I'm having trouble implementing shrink wrap boundaries. I keep getting an "illegal simulation box" when I use s boundaries, but it works for m, p, and f boundaries. Does anybody have any idea what's going wrong? Here is my script:
atom_style hybrid granular dipole
boundary f f f
newton off
atom_modify sort 100 0.6
communicate single vel yes
units si
processors 1 4 1
region reg block -1.5 2 -.2 .2 0 2 units box
create_box 1 reg
neighbor 0.005 bin
neigh_modify delay 0
hard_particles no
fix m1 all property/global youngsModulus peratomtype 1.e9
fix m2 all property/global poissonsRatio peratomtype 0.278
fix m3 all property/global coefficientRestitution peratomtypepair 1 0.2
fix m4 all property/global coefficientFriction peratomtypepair 1 0.6
fix m6 all property/global cohesionEnergyDensity peratomtypepair 1 10
fix m7 all property/global coefficientRollingFriction peratomtypepair 1 0.4
pair_style gran model hertz tangential no_history cohesion sjkr rolling_friction cdt
pair_coeff * *
timestep 0.00002
fix boxwall1 all wall/gran model hertz tangential history primitive type 1 xplane -1.5
fix boxwall2 all wall/gran model hertz tangential history primitive type 1 xplane 0
fix boxwall3 all wall/gran model hertz tangential history primitive type 1 xplane 2
fix boxwall4 all wall/gran model hertz tangential history primitive type 1 yplane -.2
fix boxwall5 all wall/gran model hertz tangential history primitive type 1 yplane .2
fix boxwall6 all wall/gran model hertz tangential history primitive type 1 zplane 0
fix pts1 all particletemplate/sphere 15485863 atom_type 1 density constant 7750 radius constant 0.01
fix pdd all particledistribution/discrete 86028157 1 pts1 1.0
group nve_group region reg
region insbox block -1.49 -0.01 -0.19 0.19 0.01 1.99 units box
fix ins nve_group insert/pack seed 86028121 distributiontemplate pdd &
insert_every once overlapcheck yes volumefraction_region 0.3 region &
insbox ntry_mc 10000
fix 1 nve_group nve/sphere
fix 2 all gravity .1422 vector 0.0 0.0 -1.0
#fix mag all magnetic 0 0 0
fix ts all check/timestep/gran 2000 0.1 0.1
#compute 1 all erotate/sphere
dump dmp1 all custom 5000 post/dump*.liggghts id type x y z vx vy vz
dump dmp2 all image 5000 post/dump*.ppm type diameter view 90 90
run 400000 upto
write_restart post/boxavalanche.restart
paul | Wed, 01/17/2018 - 23:51
What is wrong with using m?
What is wrong with using m? Do you not have a region in which you can always expect at least one of your particles to be?

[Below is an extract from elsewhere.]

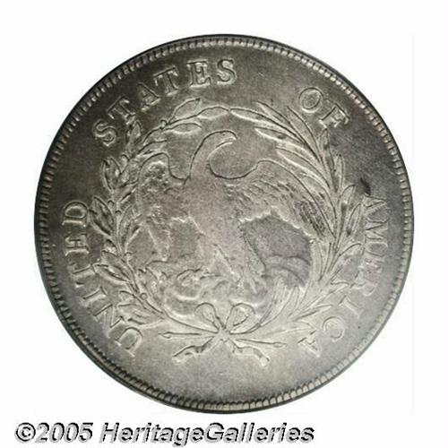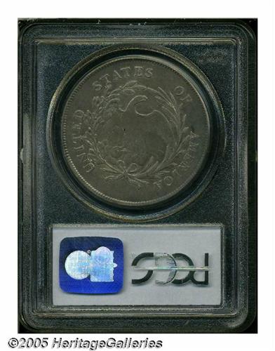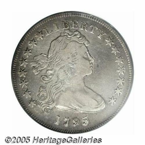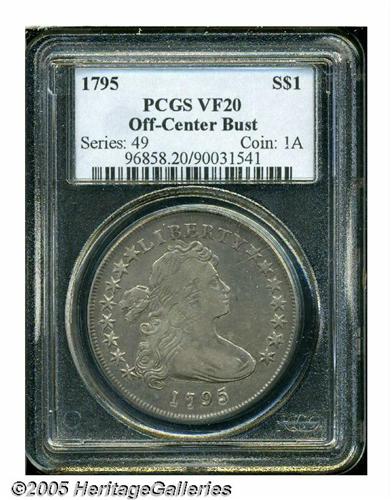 <B>1795<S$1> Draped Bust, Off Center VF20 PCGS.</B></I> B-14, BB-51. A muted steel-gray example with pale golden-orange peripheral accents. Several lengthy adjustment marks on the right side of the obverse are partially obliterated (on the highest points) by the 40 points of circulation and a few others are seen along the upper left periphery.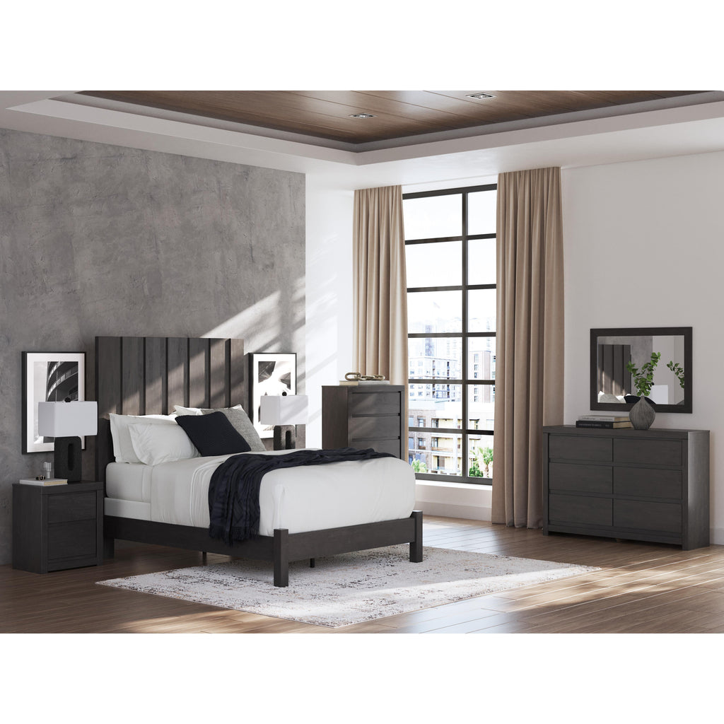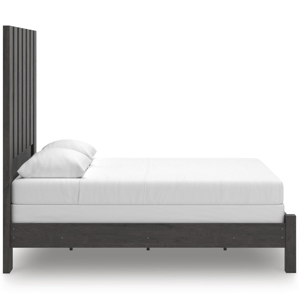 Retrouvez la simplicité sereine des lignes épurées et des tons neutres foncés de ce lit à panneaux queen. C'est une approche sincère de l'élégance moderne, vous offrant un style haut de gamme à un prix avantageux. Des planches verticales décorent la tête de lit aux dimensions généreuses pour donner l'illusion d'une hauteur supplémentaire, peaufinant la pièce de manière grandiose.

If you rely on s, I'd start debugging here because here the error is thrown:
https://github.com/CFDEMproject/LIGGGHTS-PUBLIC/blob/7c32dc4e5ef4c7d5d0a...
Modify the error messages to check which block is the cause, print some of the variables and try to find out what upsets him ;)
- Paul
tjleps | Thu, 01/18/2018 - 07:01
Paul,
Paul,
The problem with m boundaries is that there's a lot of empty space that is making imbalanced core loads when running the simulation on more processors.